Геннадий Прашкевич - Помочь можно живым
После такого объяснения мне стало ясно, почему наши астрономы видят иногда с Земли какие-то необычайные изменения на поверхности Марса, которые они объясняют величайшими геологическими переворотами и катастрофами, совершающимися на этой планете.
— Но это не все, что дают нам эти каналы, — продолжала Либерия. — Сила течения воды в них и в выходящих из них ручейках и потоках также утилизируется и, превращаясь в электричество, несет во все концы Марса свет, теплоту и движение, заставляя работать тысячи машин и локомобилей на наших полях, фабриках и заводах, давая жизнь и внося оживление всюду, где только есть в этом надобность. Вода в этих каналах никогда не замерзает, даже и зимою, потому что посредством разных приспособлений, превращающих движение воды в них в тепловую энергию, тепла развивается настолько достаточно, что оно не дает воде покрываться льдом, и, таким образом, по этим каналам электроходство совершается круглый год.
Я взял бинокль и навел его на один из каналов. По всей его длине, в ту и другую сторону, плыли с чрезвычайной быстротой бесчисленные ряды огромных электроходов, нагруженных всякого рода предметами. Приводились они в движение подобно нашим электрическим железнодорожным вагонам; вся разница состояла только в том, что проводники электричества находились под водой и тянулись по всей длине каналов.
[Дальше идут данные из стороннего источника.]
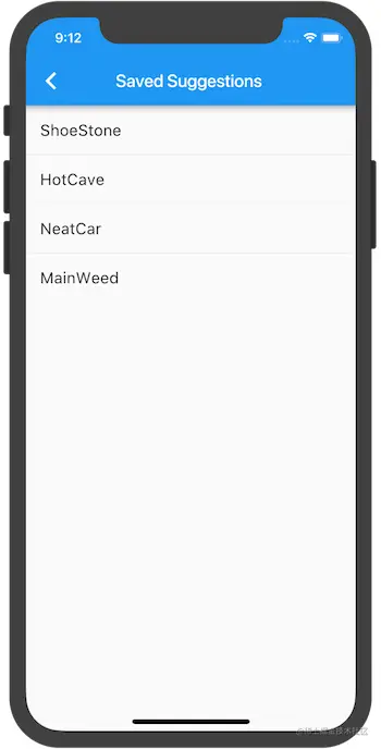 5.热重载应用程序。收藏一些选项,并点击应用栏中的列表图标,在新路由页面中显示收藏的内容。 请注意,导航器会在应用栏中添加一个“返回”按钮。你不必显式实现Navigator.pop。点击后退按钮返回到主页路由。

Но вот мы понеслись, казалось, над бесконечною пашней, цвет почвы которой был не черный, а также совершенно красный. Там и сям среди этой пашни блестели озерки, или, вернее, искусственные резервуары с водой, среди которых возвышались какие-то высокие каменные сооружения, нечто вроде водопроводных башен, с вершины которых падали каскады воды, приводившие в движение колеса. По всей же поверхности этой беспредельной пашни, еще недавно орошенной, бороздили бесчисленные огромные плуги и бороны взрыхлявшие почву и двигавшиеся, по-видимому, сами собой.
— Объясните мне, ради бога, Либерия, каким образом приводятся в движение эти плуги? — обратился я за разъяснением этой загадки к своей спутнице.
— А они приводятся в движение силою той воды, которая падает с высоты вот этих башен, — указала она на высокие башенки. — Движение воды при помощи динамо-машин превращается в электрическую энергию, которая передается по проволокам этим работающим плугам и боронам.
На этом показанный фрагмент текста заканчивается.